Ritengo molto seri i rischi, evidenziati nel documento dell’esecutivo di MD, dell’udienza penale in remoto. Sono legati essenzialmente al processo cognitivo e decisionale del giudicante, dei quali si  tratta anche in uno specifico corso sulla “psicologia del giudicare” della nostra Scuola Superiore, che si è avvalsa della collaborazione del prof. Rumiati (v. Rumiati ed altri, “Il giudice emotivo”, Il Mulino). Da remoto la persona dell’imputato processato diviene una sorta di figurina, a prescindere dalla buona volontà e dall’impegno del giudicante. La nostra mente funziona così e, ricorda Rumiati, funziona così da circa 200.000 anni.

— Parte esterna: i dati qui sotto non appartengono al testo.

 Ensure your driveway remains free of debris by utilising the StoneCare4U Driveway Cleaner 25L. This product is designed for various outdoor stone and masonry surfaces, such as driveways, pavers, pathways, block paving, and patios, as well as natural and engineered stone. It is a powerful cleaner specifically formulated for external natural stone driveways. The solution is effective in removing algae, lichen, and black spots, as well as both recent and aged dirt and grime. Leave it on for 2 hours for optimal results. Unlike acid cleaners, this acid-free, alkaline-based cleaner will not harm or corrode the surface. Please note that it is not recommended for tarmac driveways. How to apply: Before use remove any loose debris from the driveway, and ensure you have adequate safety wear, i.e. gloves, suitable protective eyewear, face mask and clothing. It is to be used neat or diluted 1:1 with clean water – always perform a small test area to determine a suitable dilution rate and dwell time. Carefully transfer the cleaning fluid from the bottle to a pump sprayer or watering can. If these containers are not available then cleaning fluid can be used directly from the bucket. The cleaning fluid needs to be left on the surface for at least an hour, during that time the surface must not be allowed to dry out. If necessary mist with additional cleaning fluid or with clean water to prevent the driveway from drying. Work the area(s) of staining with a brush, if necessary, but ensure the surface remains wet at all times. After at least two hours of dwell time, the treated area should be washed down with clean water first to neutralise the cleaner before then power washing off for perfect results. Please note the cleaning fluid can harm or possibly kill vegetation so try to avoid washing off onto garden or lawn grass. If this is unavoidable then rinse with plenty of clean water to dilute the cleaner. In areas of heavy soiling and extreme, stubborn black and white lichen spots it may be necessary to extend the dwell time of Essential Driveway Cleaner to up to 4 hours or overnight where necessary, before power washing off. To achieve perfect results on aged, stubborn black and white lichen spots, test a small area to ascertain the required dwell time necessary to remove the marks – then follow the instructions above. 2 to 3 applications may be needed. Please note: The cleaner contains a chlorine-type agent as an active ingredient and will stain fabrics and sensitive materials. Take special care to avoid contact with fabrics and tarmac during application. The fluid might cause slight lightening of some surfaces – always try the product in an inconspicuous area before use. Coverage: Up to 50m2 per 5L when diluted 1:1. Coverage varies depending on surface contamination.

  Forse in alcuni tipi di giudizio penale, come in appello e soprattutto nel giudizio di cassazione, quei rischi sono minori. Nel civile non so, perché non lo pratico da troppo tempo. In appello penso che comunque, qualora l’imputato (soprattutto se detenuto) lo richieda espressamente, dovrebbe essergli concesso di trovarsi di persona nei pressi del giudicante per manifestarsi per quello che veramente è e per dire la sua, se crede. Non apprendiamo solo con occhi e orecchie. Altro è assistere ad uno spettacolo teatrale dal vivo, altro è guardarlo in televisione.

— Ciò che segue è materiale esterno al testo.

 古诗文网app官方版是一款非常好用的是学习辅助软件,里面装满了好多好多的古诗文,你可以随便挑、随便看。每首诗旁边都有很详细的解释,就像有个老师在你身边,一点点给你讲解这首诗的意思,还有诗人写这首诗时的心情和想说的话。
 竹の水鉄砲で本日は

 Certo, il convenire di più persone in un’aula giudiziaria aumenta il rischio di contagio, almeno finché si sia nella fase calda di una epidemia, come ora ci troviamo. Le esigenze di deconcentrazione e di distanziazione portano a celebrare meno processi penali che in tempi ordinari. Penso a certe aule del Tribunale di Roma, destinate ai dibattimenti monocratici, che nelle prime ore della mattinata erano veramente zeppe di gente, che debordava nei corridoi antistanti. Quelle situazioni andrebbero evitate. Alcune di quelle udienze sono destinate alla verifica della costituzione delle parti e allo smistamento. Queste fasi penso che potrebbero essere trattate da remoto senza pregiudizi per gli imputati. Lo stesso discorso può farsi per le conclusioni delle parti.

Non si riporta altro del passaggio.